Plasma simulation of glow-magnetized discharges with the particle-in-cell Monte Carlo (PICMC) method is constraint to low current densities because of otherwise huge computational requirements. The present work aims to show, how it is nevertheless possible to extrapolate information for higher current densities similar to realistic lab or industrial conditions by applying a scaling strategy on the simulation. This is demonstrated for a DC magnetron sputtering (DCMS) case study involving the following species: Ar, Ar⁺, Ti, Ti⁺ and electrons. The evolution of the electron density is extracted from the simulation and compared with experimental values obtained with a Langmuir probe. A linear relationship between the electron density and the discharge current is highlighted and explained by studying the reaction rates of both ionization and excitation collisions. This allows to scale the reaction rates with the discharge parameters: the Ar-electron impact ionization and excitation rates scale linearly with the discharge current, while the electron impact ionization rate of sputtered species scales quadratically with the discharge current. The simulations also feature propagating plasma instabilities, so-called spokes, but in average, the above-mentioned scaling laws hold. Consequently, the flux of particles at the substrate during a plasma deposition process at realistic power density can be extrapolated from a 3D PICMC simulation at lower power density. Finally, the validity domain of the scaling strategy is discussed in the light of the model constraints.

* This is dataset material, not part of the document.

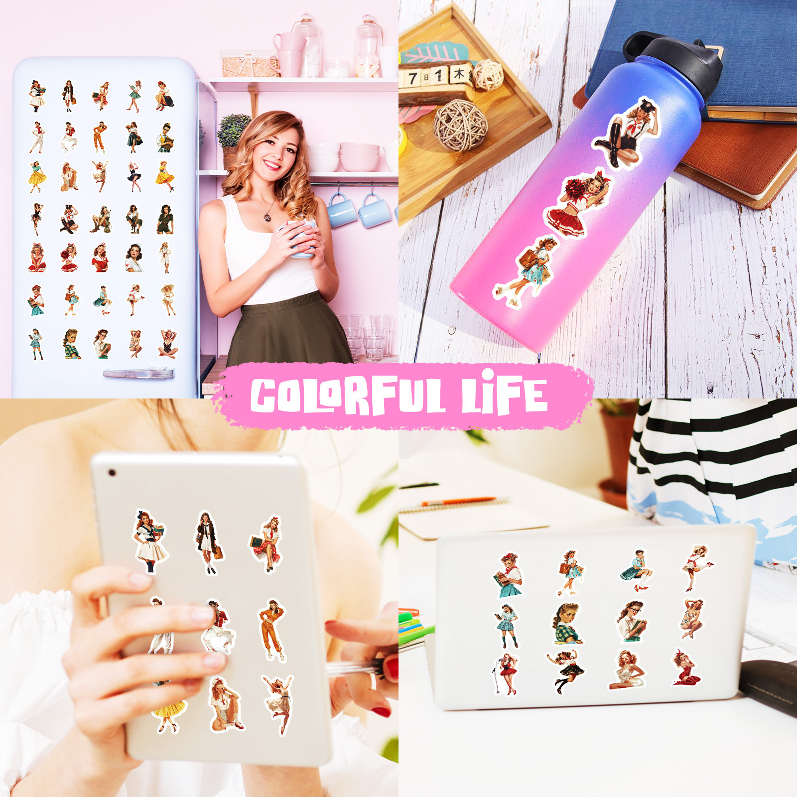 50 레트로 소녀 낙서 스티커 유럽과 미국 전문 여성 헵번 스타일 장식 수하물 노트북 스티커스토어 가기

单元格内蒙特卡洛（PICMC）方法对辉光磁化放电的等离子体进行模拟，这限制了低电流密度，因为否则需要大量的计算。本工作旨在展示如何通过在模拟中应用缩放策略来推断类似于现实实验室或工业条件的更高电流密度的信息。涉及以下物质的直流磁控溅射（DCMS）案例研究证明了这一点：Ar，Ar ⁺，Ti，Ti ⁺和电子。从模拟中提取出电子密度的变化，并将其与使用Langmuir探针获得的实验值进行比较。通过研究电离和激发碰撞的反应速率，可以突出并说明电子密度与放电电流之间的线性关系。这允许根据放电参数来缩放反应速率：Ar电子碰撞电离和激发速率与放电电流成线性比例，而溅射物种的电子碰撞电离速率与放电电流成二次比例关系。该模拟还具有传播的等离子体不稳定性（所谓的辐条）的特征，但平均而言，上述缩放定律仍然有效。所以，可以从3D PICMC仿真以较低的功率密度推断出在实际功率密度下的等离子体沉积过程中基板上的粒子通量。最后，根据模型约束，讨论了扩展策略的有效性域。